The Halmiltonian vector field has some important invariance properties. Let $\phi=\{\phi^t\}$ be flow generated by $X_H$.
Theorem. The following holds:
(1) $H\circ\phi^t=H$ for all $t\in\mathbb R$, hence $H$ is constant along flow lines.
(2) $\omega$ is preserved by $\phi$, i.e. $\omega(d\phi^t v,d\phi^t w)=\omega(v,w)$ for all $v,w\in TM$ with same basepoint and all $t\in\mathbb R$.
(3) $\phi$ preserves the volume form $\omega^n$.
The geodesic flow is a Hamiltonian flow
We already know that $(TM,\omega)$ is a symplectic manifold.

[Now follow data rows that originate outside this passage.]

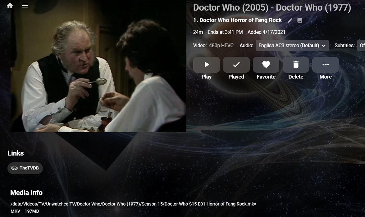 reedfh 3 Posted April 19, 2022 Posted April 19, 2022 thank you for the reply. i'm sure the directory structure is correct based on my research on this topic via the community forum and online. tho i understand that multiple formats are okay. one thing i like about Emby. I tried several and none work. I'm glad to use any directory structure/filename if it works. You can see the full path to the file under media info. nothing is nested. the only thing in the final folder is the media file (as shown above); that is other than what Emby added. i've removed every episode from the server but the one shown above. so there is nothing in any of the folders that you don't see. I'm pretty sure this is a problem with Emby or maybe i have some setting off. I think the confusion comes from the fact that BBC made 2 different runs for Doctor Who. Season 1 to 15 (That ended in 1977) then restarted it with Series 1 and are currently in production of Series 14 i believe... Emby seems to be trying to pull meta data from the Series, instead of from from the Seasons... I'm guessing it sees duplicate episodes and simply pulls the more recent. This is most certainly an edge case. so it's easy to imagine that it would be a test case. Before looking into this i never gave a second thought to duplicate episode numbers. let me know if there is an alternate dir structure to try or a different filename. the one thing that i don't understand is that Emby has correctly recorded and assoicated the TVDB ID with this episode. Seems like it would pull the metadata based on this link.
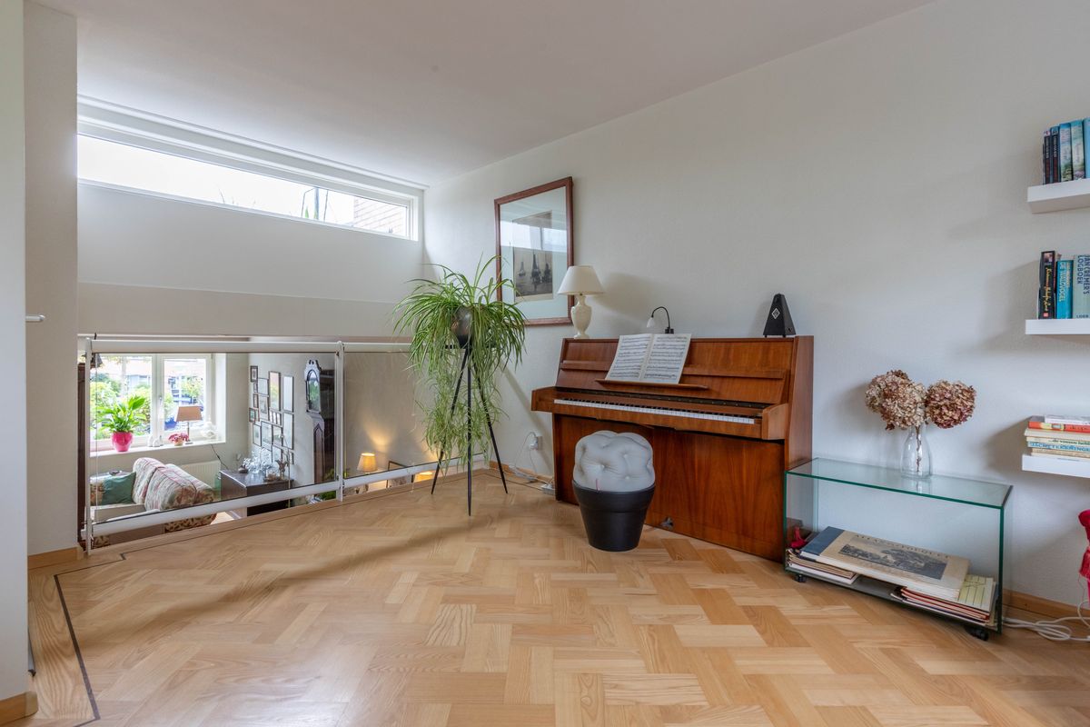 De videkamer schuin boven de woonkamer is een praktische ruimte. Inzetbaar als televisiekamer, werkkamer of eventueel te verbouwen naar slaapkamer. De kamer heeft aan de achterzijde connectie met de ondergelegen keuken. Vanuit deze kamer heeft u mooi uitzicht over park achter de woning. Ook deze kamer heeft een houten vloer in visgraat motief. De op de foto's aanwezige piano is overigens ter overname.
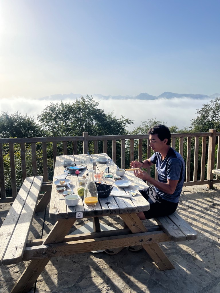 Nous avons fait notre pose dej juste avant le sommet. C’était superbe, avec, en prime, les rapaces majestueux qui volaient au dessus de nos têtes.
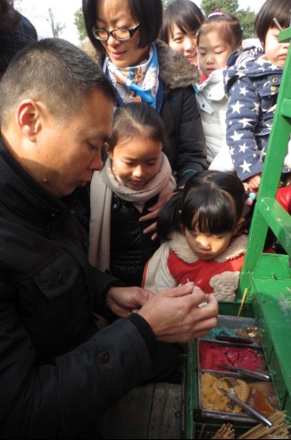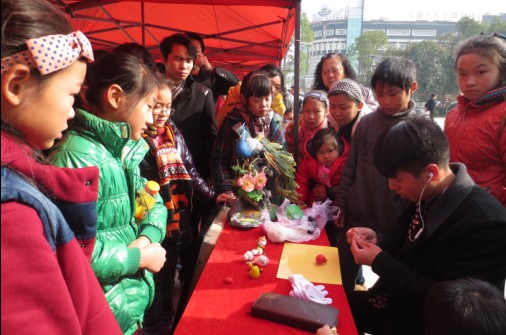 龙湾新闻网讯 2013年12月21日,龙湾区河泥荡公园里热闹非凡。一大群老人乐呵呵地坐在广场中间的椅子,听着温州著名女词师林彩琴婉转清丽的演唱;一群可爱的小朋友们围在民间艺人冯茂众糖塑摊前,叫嚷着要拿做好的一个个栩栩如生的糖塑作品;米塑摊前,米塑作品被小孩子们逐一分享,笑逐颜开;玻璃银光刻传承人项之华仔细地给作品上色;镶嵌漆画传承人倪以定娴熟地洒着粉沙;彩塑传承人叶芳林、古建筑木雕传承人舒策班和剪纸老师王俏莲则一丝不拘地捏、雕、刻着作品。另一边,市民们则一溜儿排成一队,围在一排的展板前指指点点,笑声连连。这是龙湾区文化广电新闻出版局举办的龙湾“非遗十年”展演活动。来自辖区内的非遗传承人集中展演了糖塑、米塑、泥塑、剪纸、玻璃银光刻、镶嵌漆画、古建筑木雕等非遗项目。同时,还现场演唱温州鼓词,举办非遗项目图片展览,分发《龙湾非遗十年》画册。丰富多彩、形式多样的非遗展演活动,让现场众多市民如痴如醉,流连忘返。
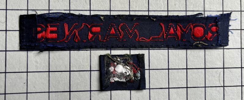 Two piece 'cash tape' 44 and separate RM for wear on the Battle Dress (BD). Removed from uniform. Missing the 'Commando' tab. Cdo WWII.
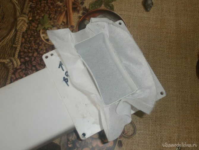 Идеята се роди от само себе си: върху парче кутия се поставя мрежа (взех парче нетъкан текстил, същият, който се продава в шивашки магазин, въпреки че парче дамски чорапогащник е идеално за тази роля ),
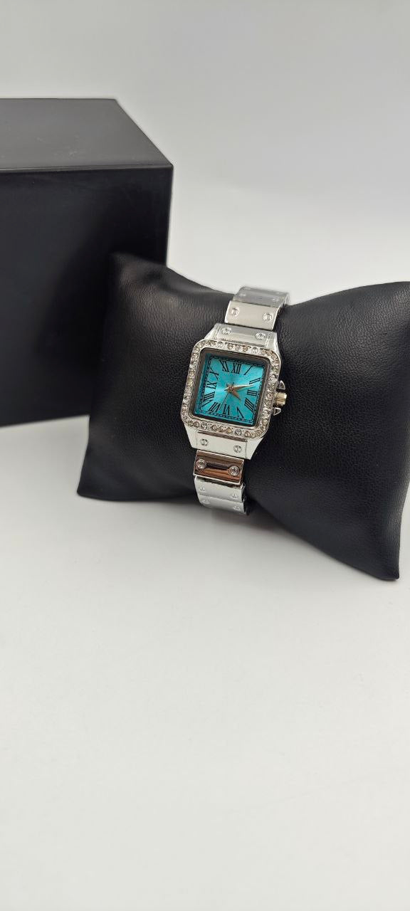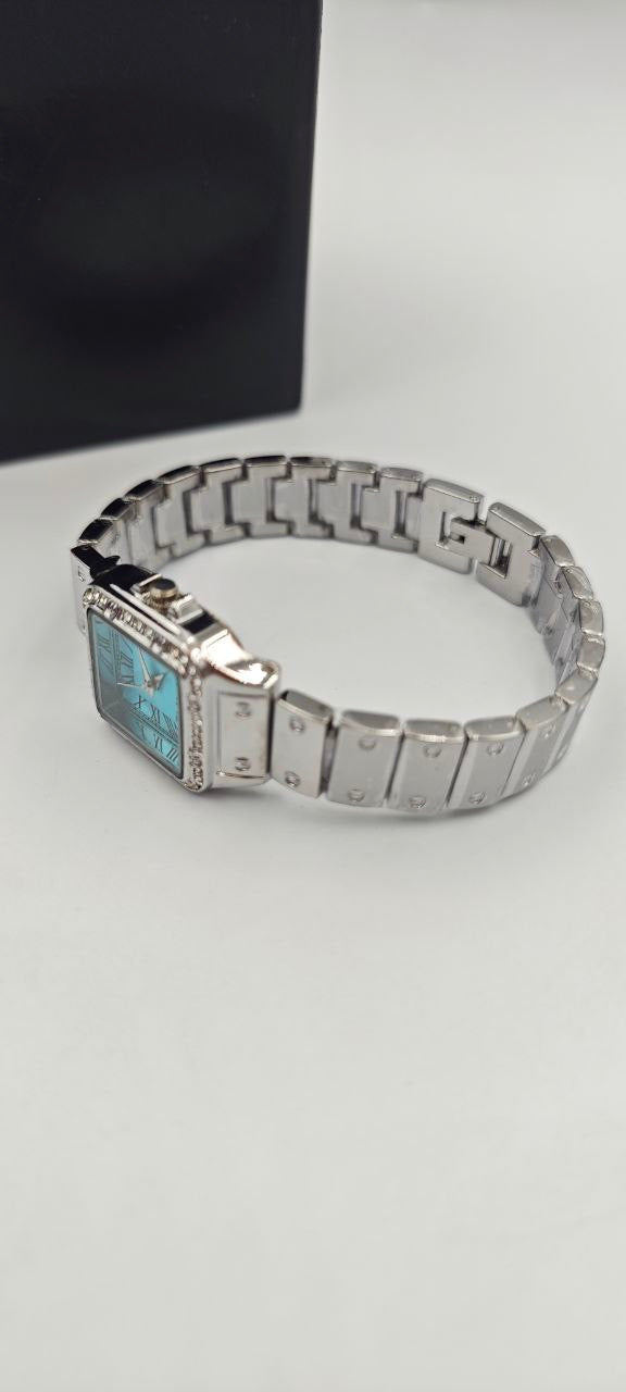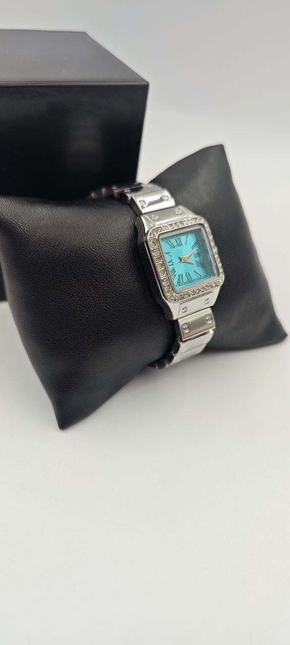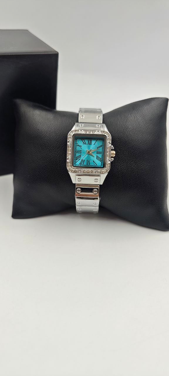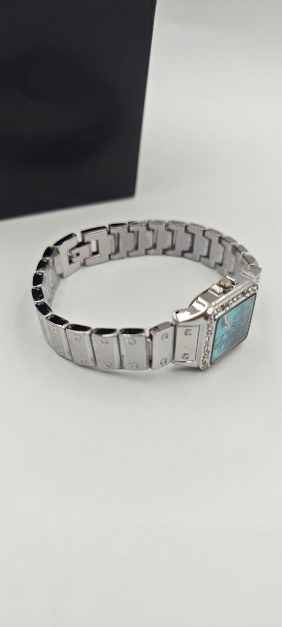 DIŞI GÜMÜŞ İÇİ TURKUAZ KARE BAYAN SAAT

We claim that the geodesic flow $g:TM\to TM$ is the Hamiltonian flow of the function $G:TM\to\mathbb R$ defined by $$ G(v)=\tfrac{1}{2}\langle v,v\rangle. $$ To prove this, write $X_G=(X,Y)$. For $\xi=(x,y)\in TTM$, we have $$ \omega(\xi,X_G)=\langle y,X\rangle-\langle x,Y\rangle. $$ If $x,y\in TM_v$, let $Z:(-\varepsilon,\varepsilon)\to TM$ s.t. $Z(0)=v$ and $Z'(0)=(\dot{c}(0),\nabla_{c}Z(0))=\xi$ where $c=\pi\circ Z$. Then $$ dG_v(\xi)=\tfrac{d}{dt}|_{t=0}(G\circ Z)=\tfrac{d}{dt}|_{t=0}\tfrac{1}{2}\langle Z(t),Z(t)\rangle=\langle Z,\nabla_{\dot{c}}Z\rangle(0)= \langle v,y\rangle=\langle y,v\rangle $$ and so $(X,Y)=(v,0)$. This later vector is the generator of the geodesic flow, and so the assertion is proved.